Wiedemann R, Scheidel P, Wiesinger H, Hepp H
Geburtshilfe Frauenheilkd. 1987 Feb;47(2):96-100. doi: 10.1055/s-2008-1035783.
Even today, the etiology of proximal tubal occlusion is still a controversial subject. The introduction of microsurgery in gynecology has provided a method of eliminating the main symptom of proximal tubal occlusion, i.e., sterility. Pregnancy rates of 25-30% can be achieved in overall patient collectives. Accurate histologic analyses of the specimens are essential for clinicopathological classification in three prognosis groups. For stage I patients, pregnancy rates of up to 50% (patient-related) can be achieved. Postoperative counseling can thus be differentiated on the basis of the histological results. For stage III patients the pregnancy rate is unlikely to be acceptable, even after waiting for a prolonged period of time. It has not been established whether reconstructive tubal surgery or alternative therapeutic procedures (I.V.F. and E.T.) have better chances of success in stage II. Accurate histologic analysis of the surgical specimens is an essential prerequisite for individualized sterility counseling and therapy.

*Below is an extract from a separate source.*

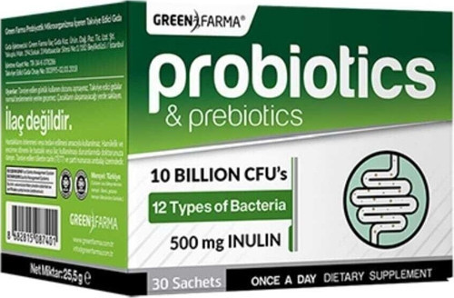 Green Farma 10 saşe Probiyotik + Prebiyotik Ürünün bir saşesinde 10 milyar probiyotik vardır.

即便在今天,近端输卵管阻塞的病因仍是一个存在争议的话题。妇科显微手术的引入提供了一种消除近端输卵管阻塞主要症状(即不育)的方法。在总体患者群体中,妊娠率可达25% - 30%。对标本进行准确的组织学分析对于分为三个预后组的临床病理分类至关重要。对于I期患者,(与患者相关的)妊娠率可达50%。因此,术后咨询可根据组织学结果进行区分。对于III期患者,即使经过长时间等待,妊娠率也不太可能令人满意。目前尚未确定在II期,输卵管重建手术或替代治疗程序(体外受精和胚胎移植)是否有更好的成功机会。对手术标本进行准确的组织学分析是个体化不育咨询和治疗的必要前提。